All great actors deserve the great swan song role.  Henry Fonda had On Golden Pond.  John Wayne had The Shootist.  Orsen Welles had Tramsformers: The Movie.  We all hoped Harrison Ford would take the opportunity to play Indiana Jones one last time and run with it.  And he did.  Right into a wall.  While the book on Ford’s career remains cautiously open for a bit longer, it seems as if his great finale may be as part of paint-by-numbers, psuedo-romantic comedy.  Morning Glory doesn’t reinvent anything, but it provides Ford with a character which embodies the perceptions of the actor head on, that of a cantankerous has been, too bored and worn out on his profession, forced to show one last time that he should never be counted down or out.
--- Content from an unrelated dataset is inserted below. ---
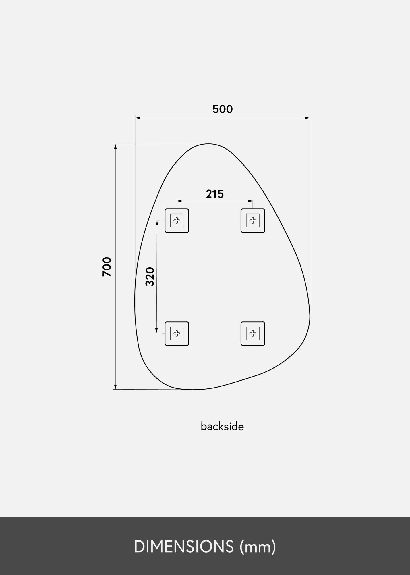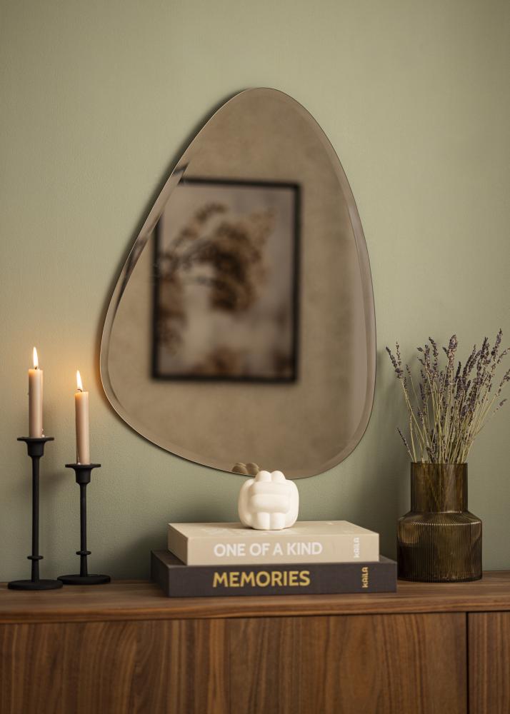 Detta är en asymmetrisk väggspegel från KAILA, med ett modernt bronstonat spegelglas. En spegel med ett mörkare spegelglas blir en dramatisk detalj som passar utmärkt i moderna hem. Den tunna spegeln har ingen ram. Istället pryds spegelytans kanter av en elegant fasettslipad kant.

Getting top billing here is actually Rachel McAdams, the gorgeous almost starlet who seems too smart to become part of the Hollywood machinery.  Almost a headliner after the success of The Notebook, McAdams instead drew back and let stardom pass by.  She’s entered the game again and Morning Glory was suppsoed to herald her return, instead it withered on the vine and died an ugly box office death.  McAdams has the standard but well played partof plucky, can-do career gal, determined to overcome obstacles and achieve career and personal success.  She should be wise to avoid parts like this in the future though.  Kathrine Heigl does this all the time and now most people want her poisoned.  McAdam’s is a small time TV producer charged with revitalizing a dying network morning show.  In a moment of genius/stupidity, she brings on Ford’s acidic and unwieldingly cranky anchorman, an old fashioned bastard who thinks news should be nothing but meaningful and hardhitting, at complete odds with the format of morning talk pablum.  The two enter a battle of wills which feels more meaningful than it has any right to, largely impart to McAdams winning screen presence and Ford’s convincing nasty streak.  Instead of a movie which builds up to the well worn romantic climax, it aims for a professional one.  One where two people who work together achieve mutual respect for each other, and the all that love crap takes a back seat.

People have been bitching about Harrison Ford for years now.  He’s old.  He doesn’t care.  He rarely works and has nothing to prove, openly showing contempt for acting on occasion.  All possibly true but with his part in Morning Glory Ford stares squarely into the eyes of his critics and says ‘Shove it.  I’m Harrison Ford dammit.  Now get off my plane.’  His aging news anchor is an extension of himself, an old timer with the need to prove nothing to no one and simply will not cater to the gods of lower standards and expecations.  Maybe it makes him a prick but he’s a prick with ethics, no matter how buried they are under arrogance.  Ford shines so brightly with his simmering , aging rancor that he winds up putting the entire movie into his pocket and walks away with it.  Morning Glory is in most ways as routine as they come, but Ford elevates it to such a degree that anyone who has ever held an favorable opinion about the man should consider it a must see.  When history looks back on him after he’s gone, looking at his body of work and finding the great unsung pieces, Morning Glory will come up in conversation and be noticed.

Aside from Ford there isn’t a great deal to dwell on.  McAdams holds her own against the aging titan in a part which she elevates from the routine.  Her beauty is still matched by few and her lack of larger success in mainstream features remains odd.  But all the same we’ve seen this role more than enough times.  Diane Keaton is here in a part which should’ve squared off with Ford a bit more.  Her’s is an okay but under served role.  She and Ford deserve a climax which isn’t readily supplied, only hinted at.  Lots of other recognizable heads in the cast, all being amiable and pleaseant to watch.

Amputate Ford from Morning Glory and we aren’t having much of a conversation.  Without him it’s just another programmer for the double X chromosome crowd.  But alas, he is here and we are talking.  Thanks to his self-deprecating and confessional performance, Glory is elevated notches above where it deserves to be.  It achieves a consistant streak of minor achievements which add up to a winning experience.  Those who choose to ignore it in theaters would be wise to give it, and Ford, a look.  Afterwards you may not be so quick to dismiss that which you feel is over and done with.